- [What you have to do]:
Once the images are set aside, return every entry exactly.

[Data entries]
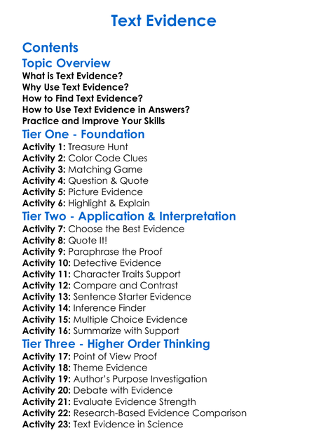 Text Evidence Worksheet Activity Booklet
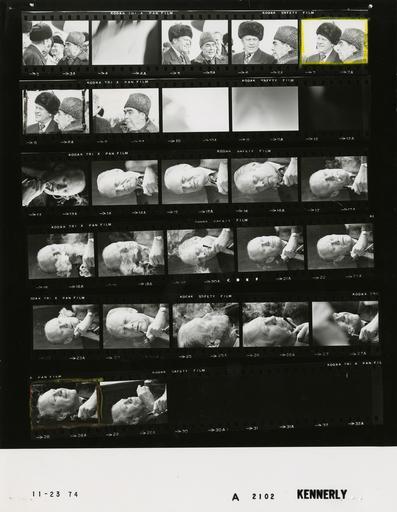 | Keywords: Ford A2102 NLGRF photo contact sheet (1974-11-23)(Gerald Ford Library).jpg White House Photographic Office WHPO is housed at the Gerald R Ford Presidential Library a branch of the National Archives and Records Administration NARA <br/><br/> This file is a 200 dpi photo contact sheet having images from roll of film A2102 of the August 9 1974 - January 20 1977 Gerald R Ford White House Photographic Office Series A0001-A9999 and B0001-B2886 photographs <br/><br/> The date on the photo contact sheet is the date the roll of film was processed not necessarily the date the photographs were taken See table below for additional details 1974-11-23 Gerald R Ford Presidential Library Image http //www fordlibrarymuseum gov/library/whphotos/A2102_NLGRF jpg A2102_NLGRF jpg from http //www fordlibrarymuseum gov/library/whphotos/19741123whpo pdf White House Photographs November 23 1974 of the http //www fordlibrarymuseum gov/Library/whphotos/whpo asp White House Photographic Collection page White House Photographic Office WHPO <br/> Creator David Hume Kennerly PD-USGov Institution Institution Gerald R Ford Presidential Library Table wikitable sortable + Photo contact sheet A2102 U S President Ford Administration Gerald R Ford Library Frame s Tone Subject proper Subject generic Names Geographic Location Photographer Date - 3 BW Trip to the Union of Soviet Socialist Republics -Arrival Ceremony -General Secretary Interpreter - Local Time standing talking - GRF wearing Russian wool cap GRF Brezhnev Victor Sukhrodev Vladivostok U S S R Vozdvizhenka Airport Kennerly 1974-11-23 - 4 BW Kennerly 1974-11-23 - 5-8 BW Trip to the Union of Soviet Socialist Republics -Arrival Ceremony -General Secretary - Local Time standing talking smiling posing -GRF wearing Russian wool cap GRF Brezhnev Vladivostok U S S R Vozdvizhenka Airport Kennerly 1974-11-23 - 9 BW Trip to the Union of Soviet Socialist Republics -Arrival Ceremony -General Secretary - Local Time waving Brezhnev Vladivostok U S S R Vozdvizhenka Airport Kennerly 1974-11-23 - 10-12 BW Kennerly 1974-11-23 - 13-29 BW Trip to the Union of Soviet Socialist Republics -Train Ride to Vladivostok - Local Time smoking pipe - head and shoulder portrait s GRF Vladivostok U S S R Train Kennerly 1974-11-23 Gerald R Ford Presidential Library and Museum-cooperation PD-USGov Contact sheets by the Ford White House November 1974 Photographs by David Hume Kennerly from 1974 |
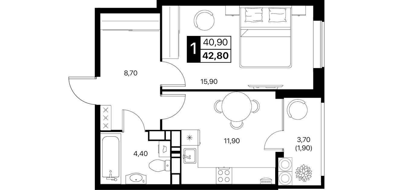 В пакет входит кухня, тюль, корпусная и мягкая мебель, сплит-системы и вся необходимая бытовая техника.
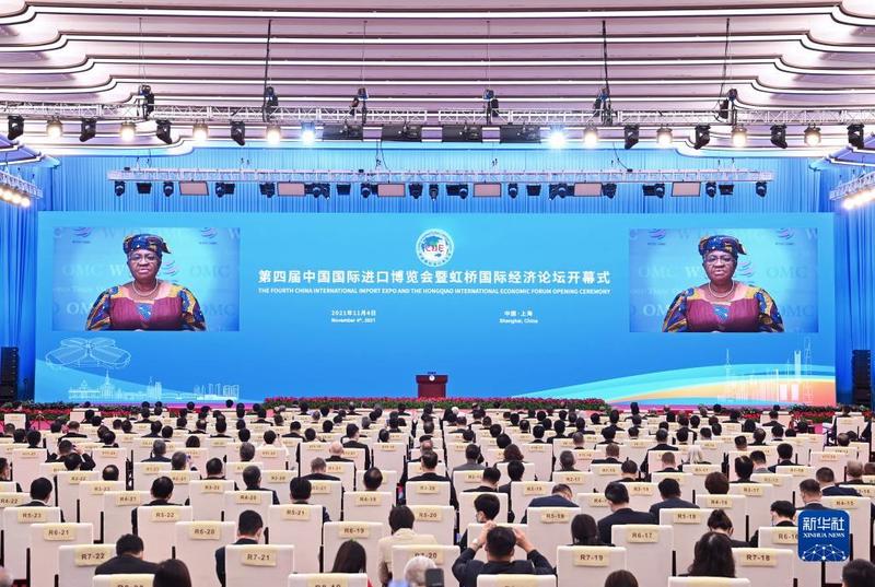 11月4日晚,第四届中国国际进口博览会开幕式在国家会展中心(上海)举行。这是世界贸易组织总干事伊维拉在开幕式上以视频方式致辞。新华社记者李响摄
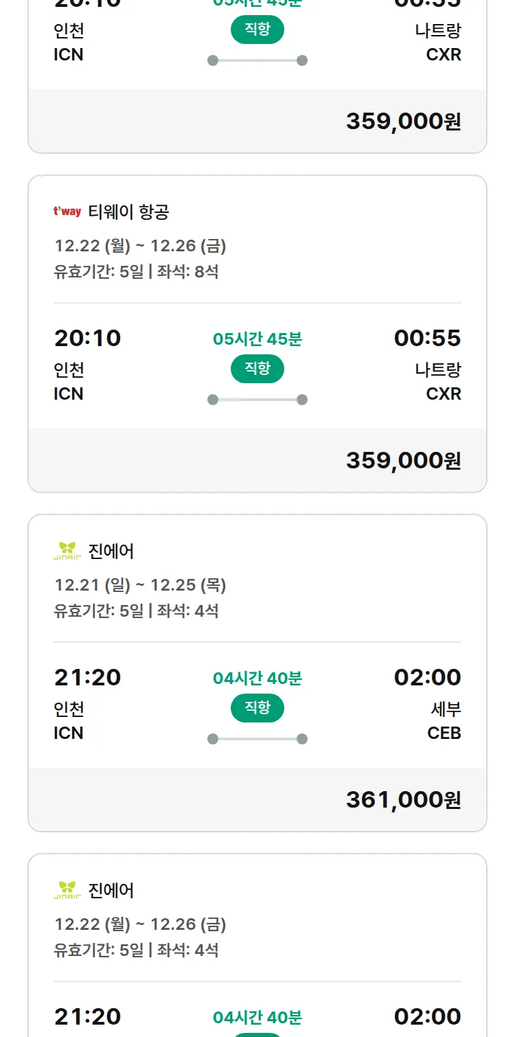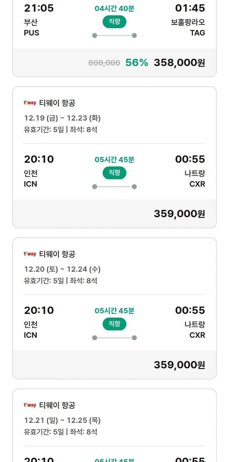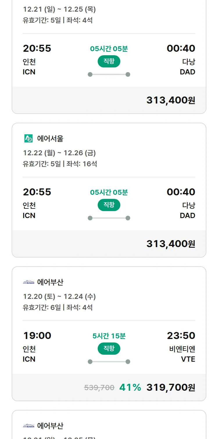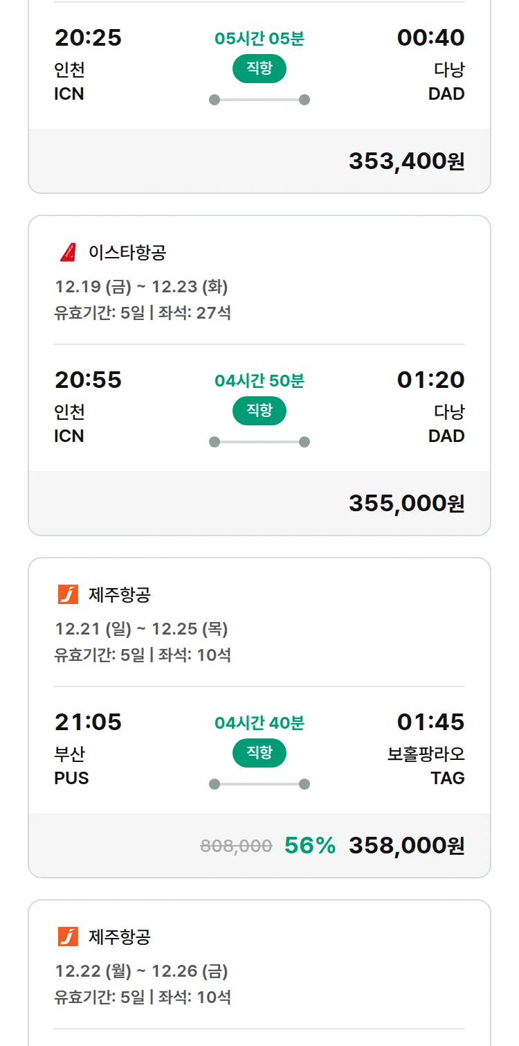 (12월4일(목)) 땡처리 특가 항공권
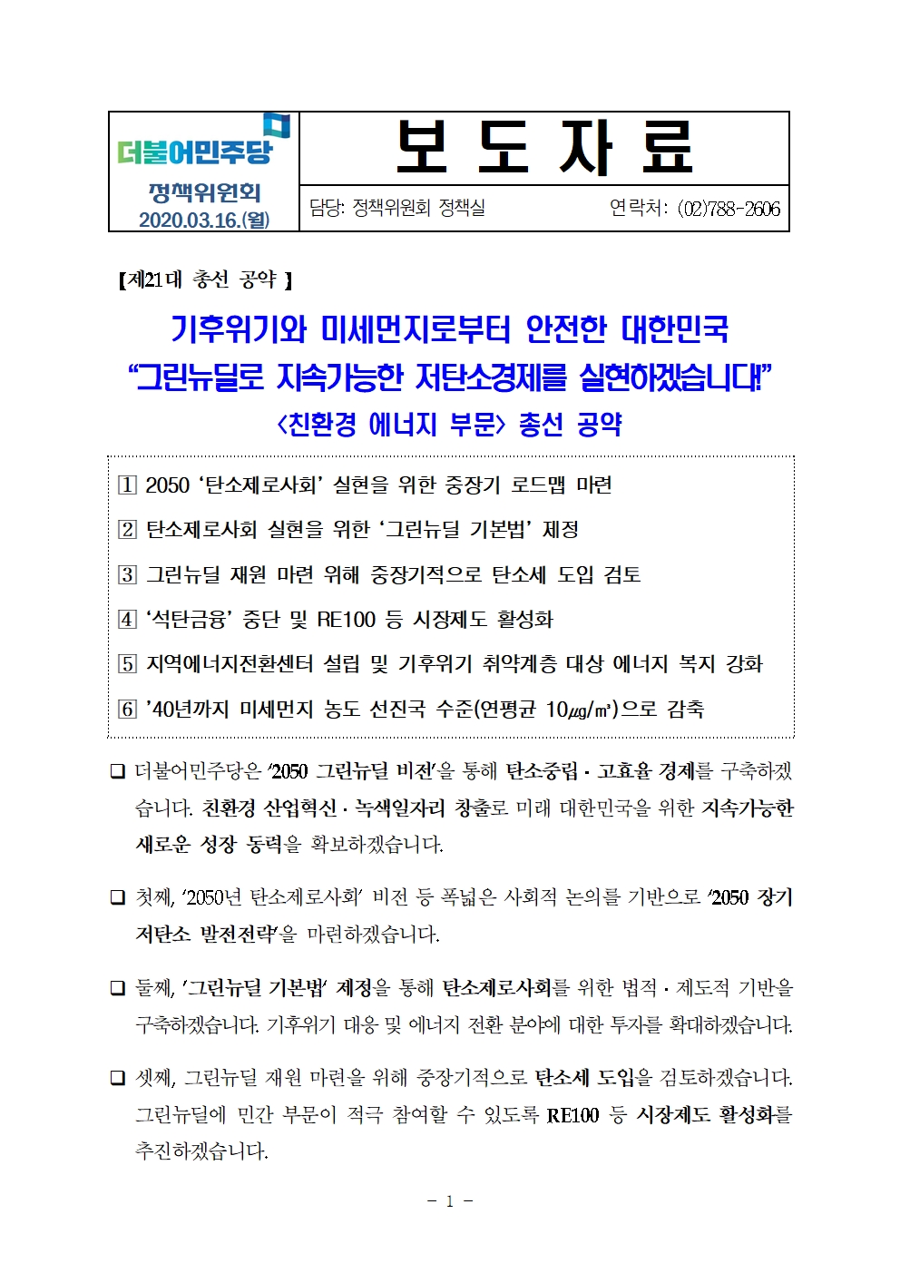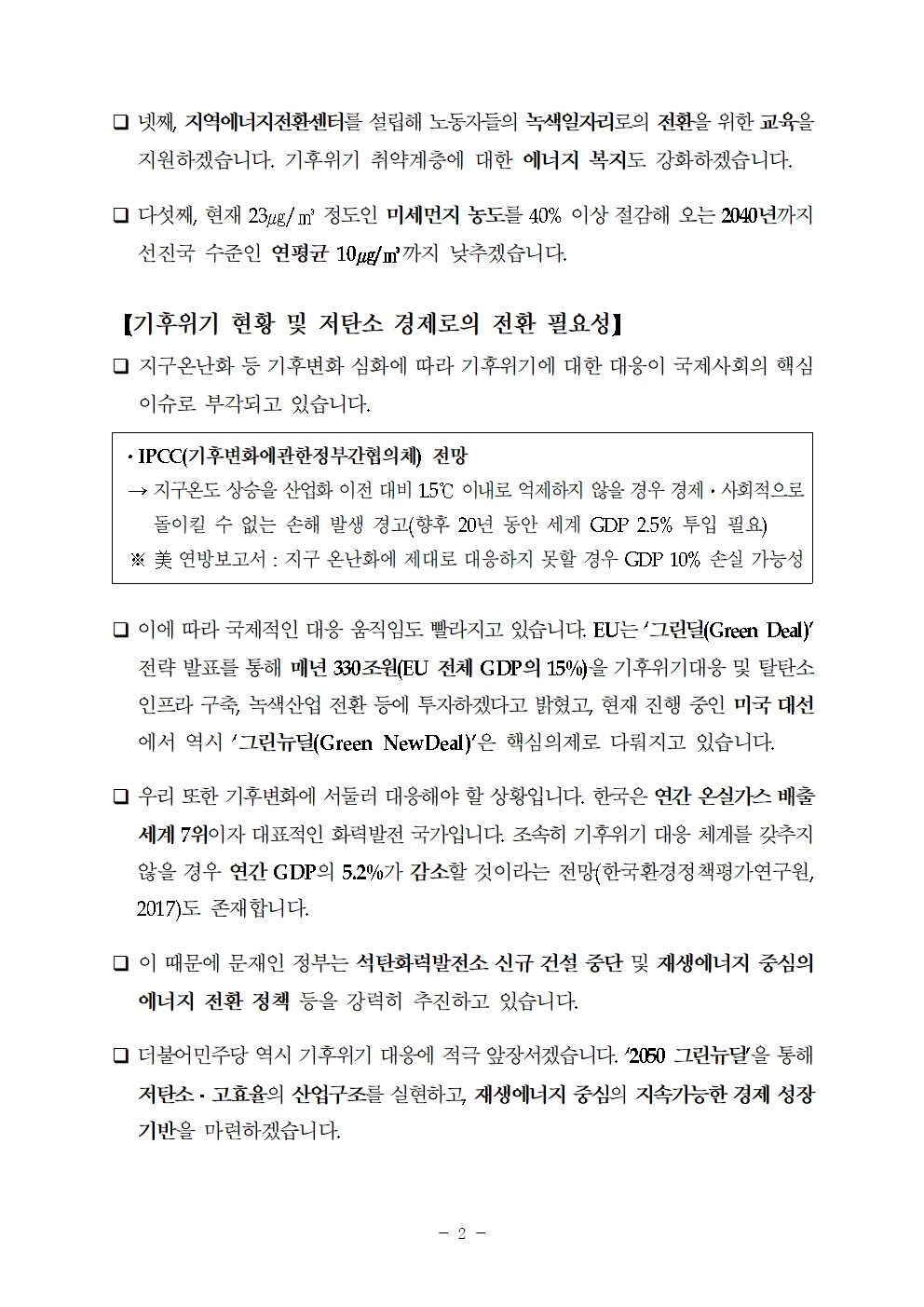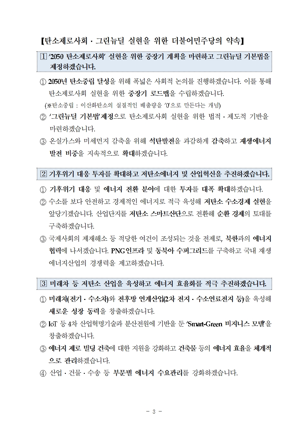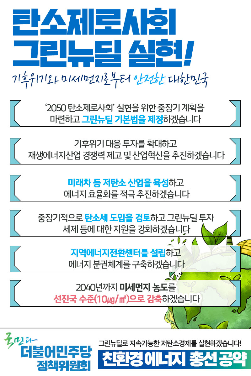 [총선 공약-친환경 에너지 부문] 그린뉴딜로 지속가능한 저탄소경제를 실현하겠습니다!
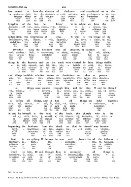 [ ἐν 7 τοῖς 8 οὐρανοῖς 9 καὶ 10 ἐπὶ 11 τῆς 12 γῆς 13 ] ἐκτίσθη 4 ἐν 2 αὐτῷ 3 τὰ 14 ὁρατὰ 15
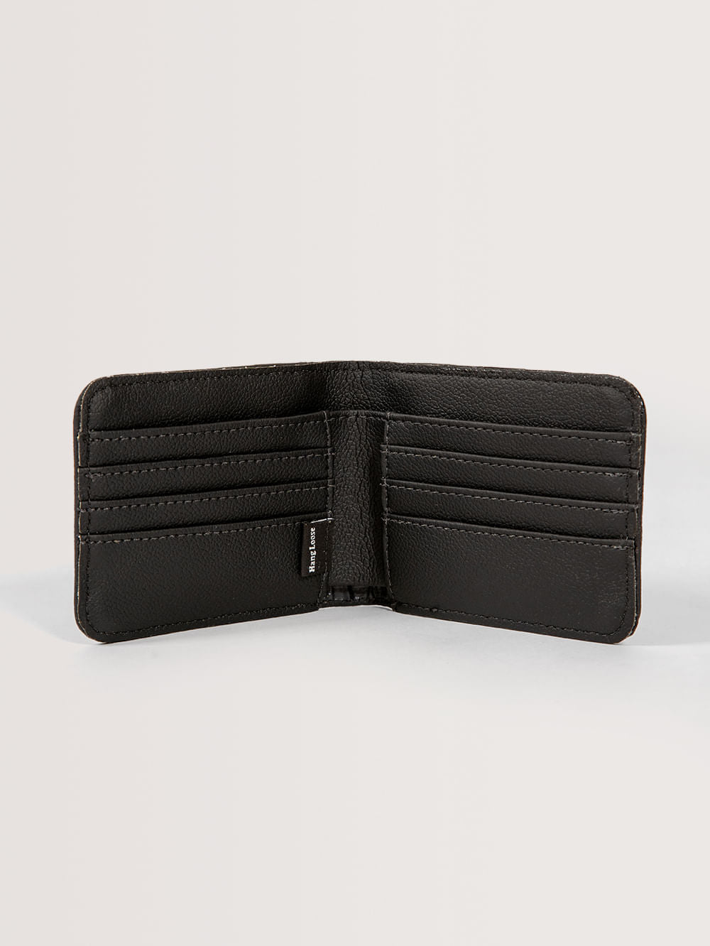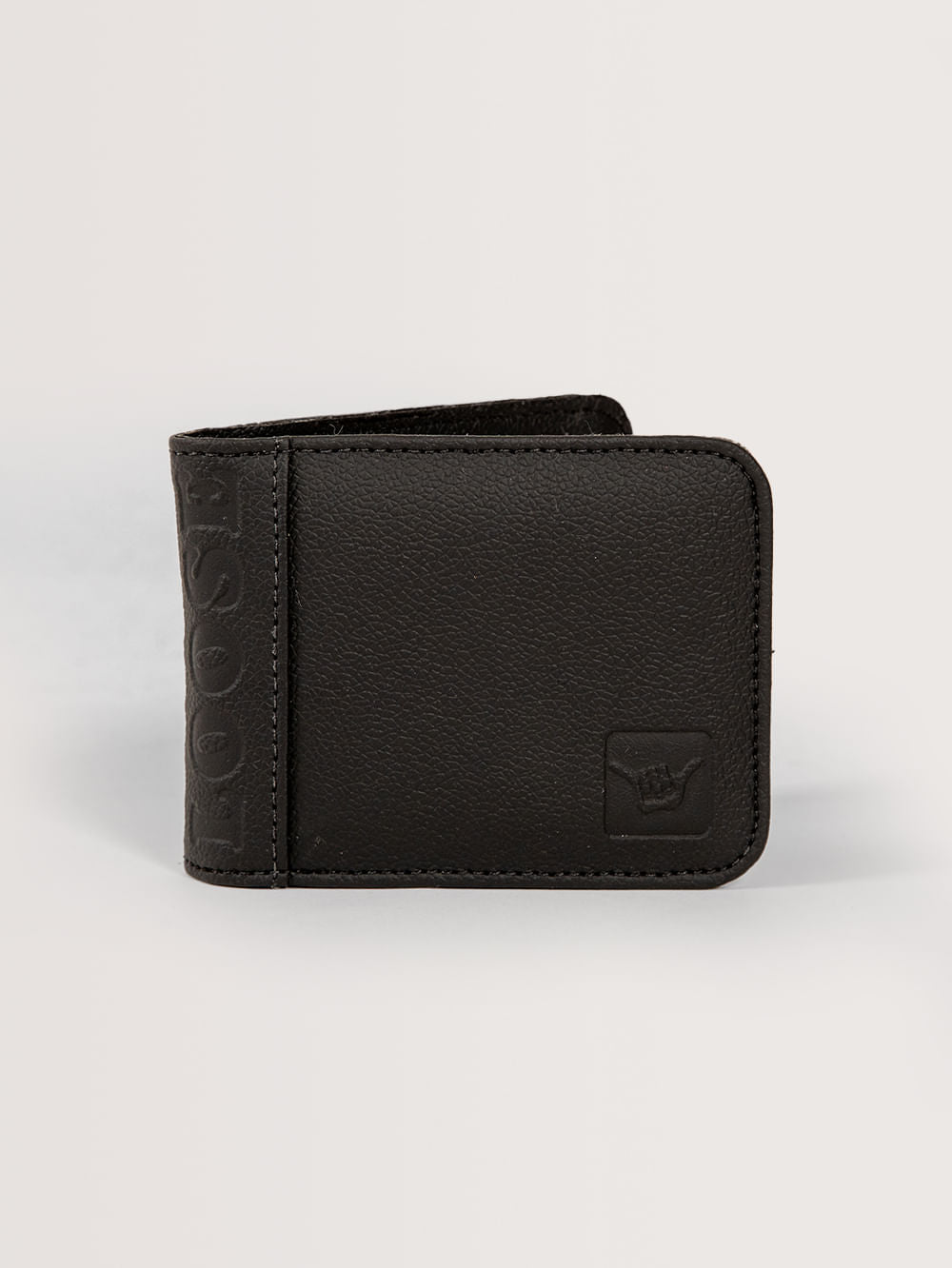 Carteira Hang Loose Banner, possui recorte com letra em baixo relevo, clichê do logo, porta cartões, porta notas e aplicação de etiqueta interna. Confeccionada em pvc e poliéster.

- [Finished exercise]:
 Text Evidence Worksheet Activity Booklet
 | Keywords: Ford A2102 NLGRF photo contact sheet (1974-11-23)(Gerald Ford Library).jpg White House Photographic Office WHPO is housed at the Gerald R Ford Presidential Library a branch of the National Archives and Records Administration NARA <br/><br/> This file is a 200 dpi photo contact sheet having images from roll of film A2102 of the August 9 1974 - January 20 1977 Gerald R Ford White House Photographic Office Series A0001-A9999 and B0001-B2886 photographs <br/><br/> The date on the photo contact sheet is the date the roll of film was processed not necessarily the date the photographs were taken See table below for additional details 1974-11-23 Gerald R Ford Presidential Library Image http //www fordlibrarymuseum gov/library/whphotos/A2102_NLGRF jpg A2102_NLGRF jpg from http //www fordlibrarymuseum gov/library/whphotos/19741123whpo pdf White House Photographs November 23 1974 of the http //www fordlibrarymuseum gov/Library/whphotos/whpo asp White House Photographic Collection page White House Photographic Office WHPO <br/> Creator David Hume Kennerly PD-USGov Institution Institution Gerald R Ford Presidential Library Table wikitable sortable + Photo contact sheet A2102 U S President Ford Administration Gerald R Ford Library Frame s Tone Subject proper Subject generic Names Geographic Location Photographer Date - 3 BW Trip to the Union of Soviet Socialist Republics -Arrival Ceremony -General Secretary Interpreter - Local Time standing talking - GRF wearing Russian wool cap GRF Brezhnev Victor Sukhrodev Vladivostok U S S R Vozdvizhenka Airport Kennerly 1974-11-23 - 4 BW Kennerly 1974-11-23 - 5-8 BW Trip to the Union of Soviet Socialist Republics -Arrival Ceremony -General Secretary - Local Time standing talking smiling posing -GRF wearing Russian wool cap GRF Brezhnev Vladivostok U S S R Vozdvizhenka Airport Kennerly 1974-11-23 - 9 BW Trip to the Union of Soviet Socialist Republics -Arrival Ceremony -General Secretary - Local Time waving Brezhnev Vladivostok U S S R Vozdvizhenka Airport Kennerly 1974-11-23 - 10-12 BW Kennerly 1974-11-23 - 13-29 BW Trip to the Union of Soviet Socialist Republics -Train Ride to Vladivostok - Local Time smoking pipe - head and shoulder portrait s GRF Vladivostok U S S R Train Kennerly 1974-11-23 Gerald R Ford Presidential Library and Museum-cooperation PD-USGov Contact sheets by the Ford White House November 1974 Photographs by David Hume Kennerly from 1974 |
 В пакет входит кухня, тюль, корпусная и мягкая мебель, сплит-системы и вся необходимая бытовая техника.
 11月4日晚,第四届中国国际进口博览会开幕式在国家会展中心(上海)举行。这是世界贸易组织总干事伊维拉在开幕式上以视频方式致辞。新华社记者李响摄
 (12월4일(목)) 땡처리 특가 항공권
 [총선 공약-친환경 에너지 부문] 그린뉴딜로 지속가능한 저탄소경제를 실현하겠습니다!
 [ ἐν 7 τοῖς 8 οὐρανοῖς 9 καὶ 10 ἐπὶ 11 τῆς 12 γῆς 13 ] ἐκτίσθη 4 ἐν 2 αὐτῷ 3 τὰ 14 ὁρατὰ 15
 Carteira Hang Loose Banner, possui recorte com letra em baixo relevo, clichê do logo, porta cartões, porta notas e aplicação de etiqueta interna. Confeccionada em pvc e poliéster.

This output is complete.